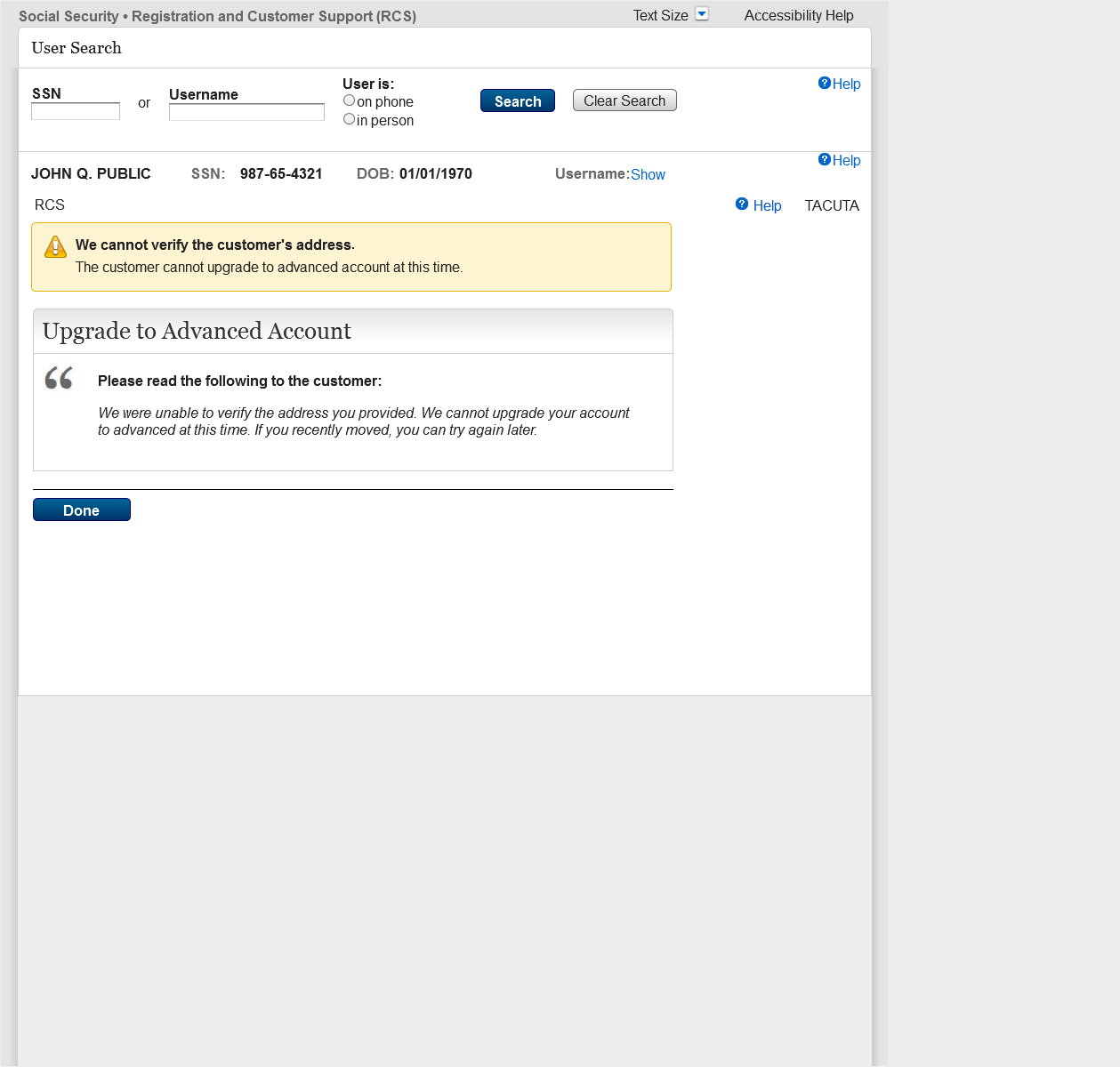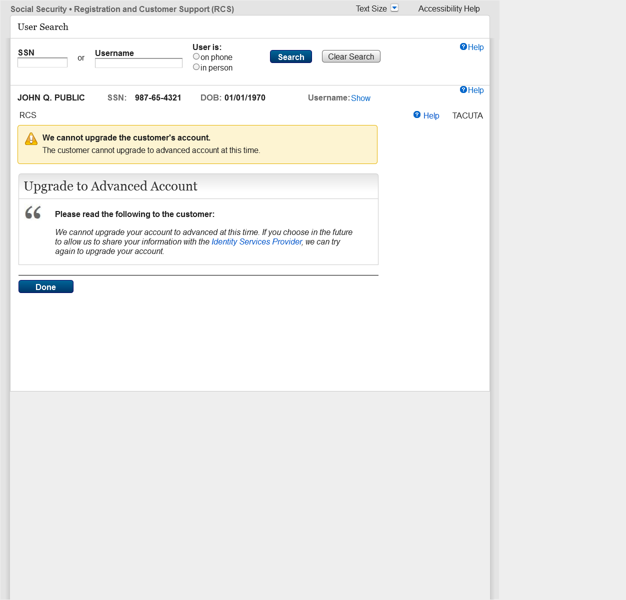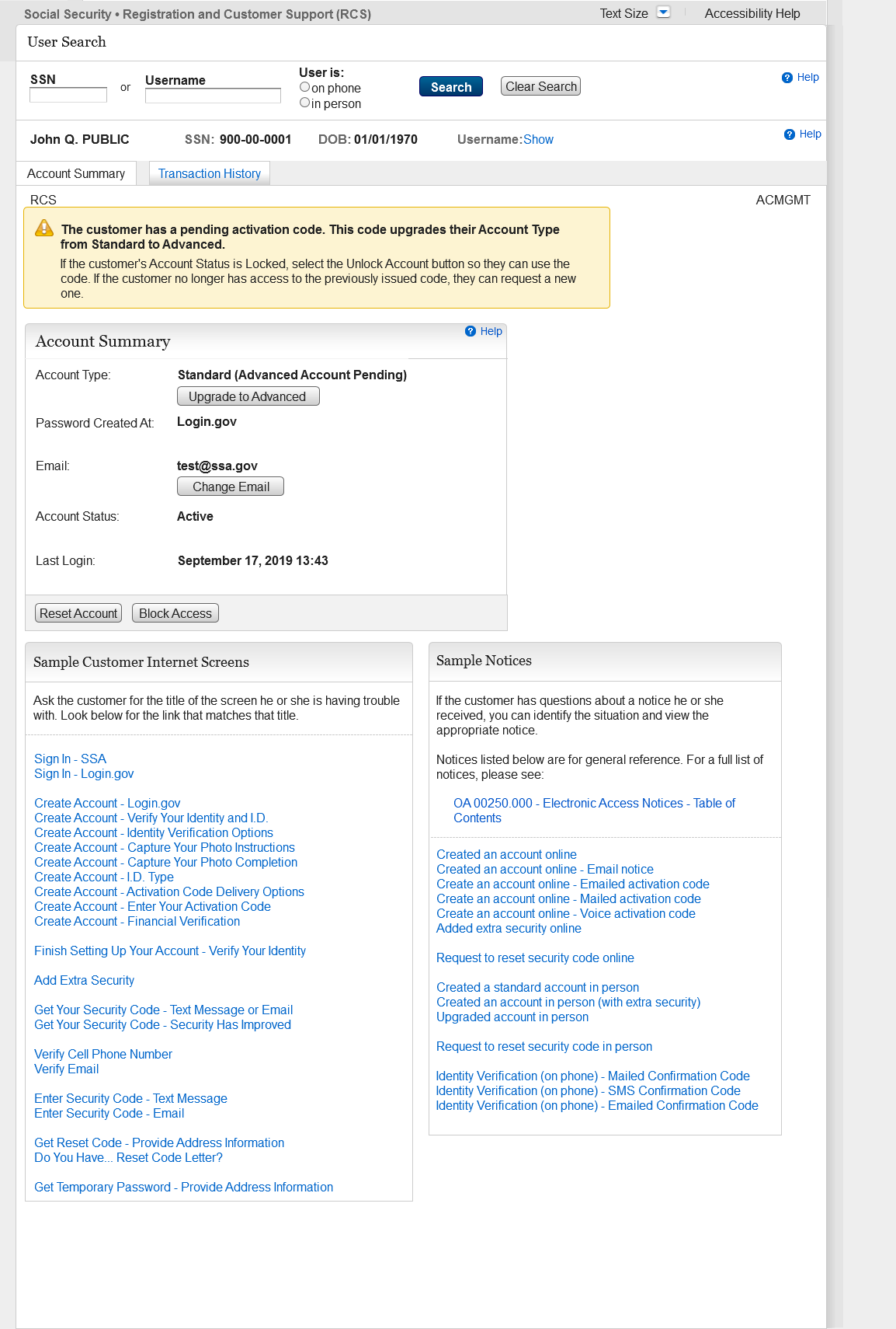 Added a label (Advanced Account Pending) to the Account Type field that displays when a customer has an upgrade code with account locked.
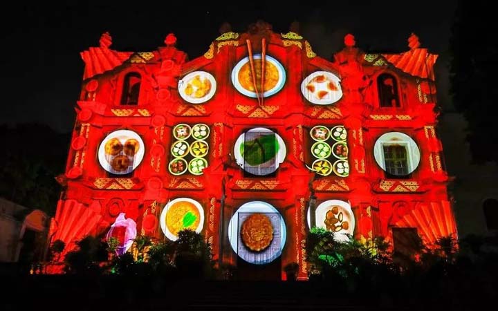 而今年恰逢澳門(mén)回歸20周年,光影節(jié)的光雕表演以“慶祝澳門(mén)特別行政區(qū)成立20周年”為主題。本次光影節(jié)制作團(tuán)隊(duì)來(lái)自西班牙、深圳及澳門(mén)本地團(tuán)隊(duì)共同為具有標(biāo)志性建筑的大三巴牌坊披上炫麗的彩衣。
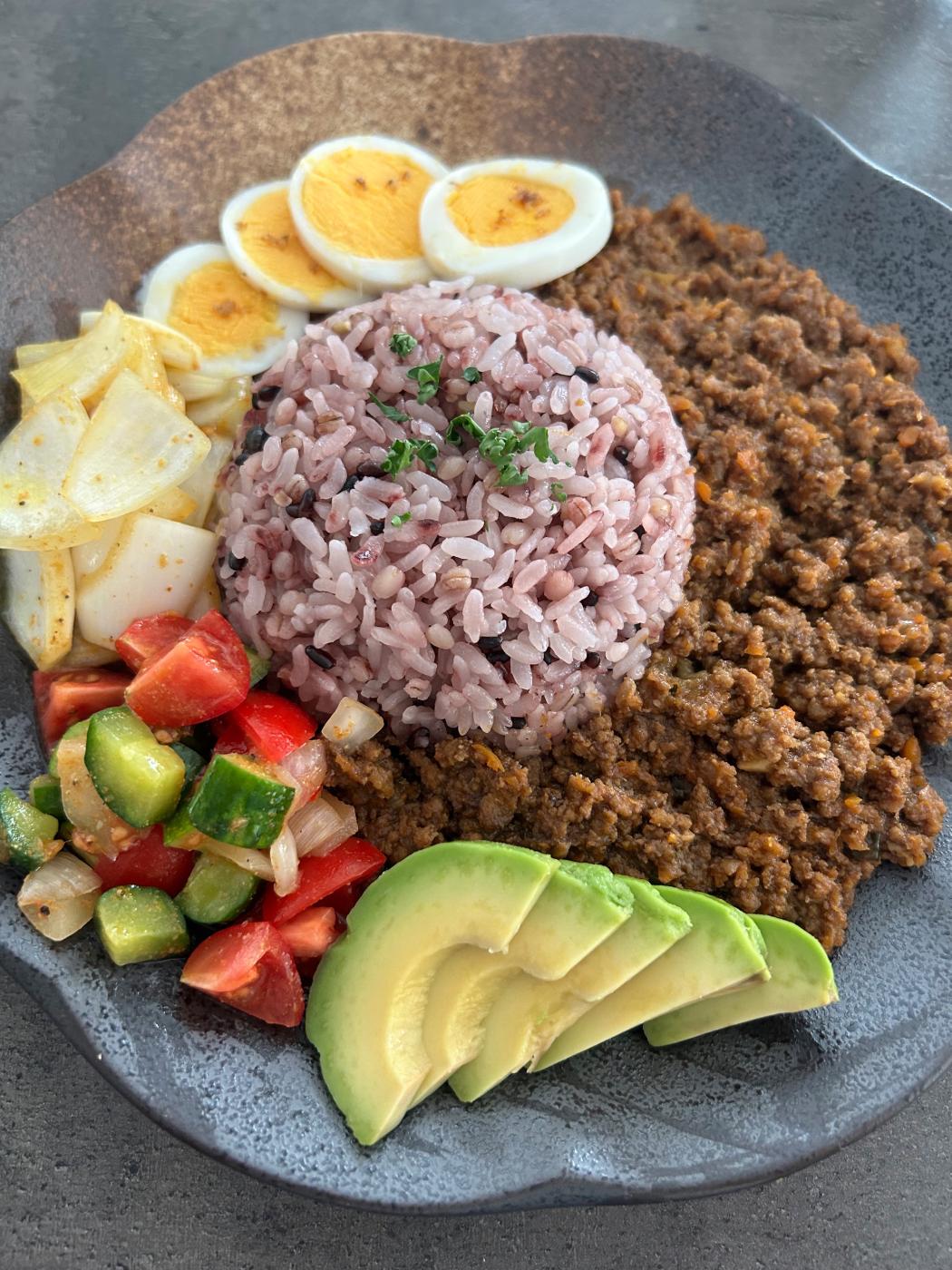 雑穀米、ゆで卵、アボカド、アチャール風サラダを添えて、彩りも栄養も満点に仕上げてみました🥚🥑🍅

- **About this exercise**
Exactly as they stand, set down the lines from the start of the material through the line with "而今年恰逢澳門(mén)回歸", both ends included, omitting the pictures.

- **Your response**
 Added a label (Advanced Account Pending) to the Account Type field that displays when a customer has an upgrade code with account locked.
 而今年恰逢澳門(mén)回歸20周年,光影節(jié)的光雕表演以“慶祝澳門(mén)特別行政區(qū)成立20周年”為主題。本次光影節(jié)制作團(tuán)隊(duì)來(lái)自西班牙、深圳及澳門(mén)本地團(tuán)隊(duì)共同為具有標(biāo)志性建筑的大三巴牌坊披上炫麗的彩衣。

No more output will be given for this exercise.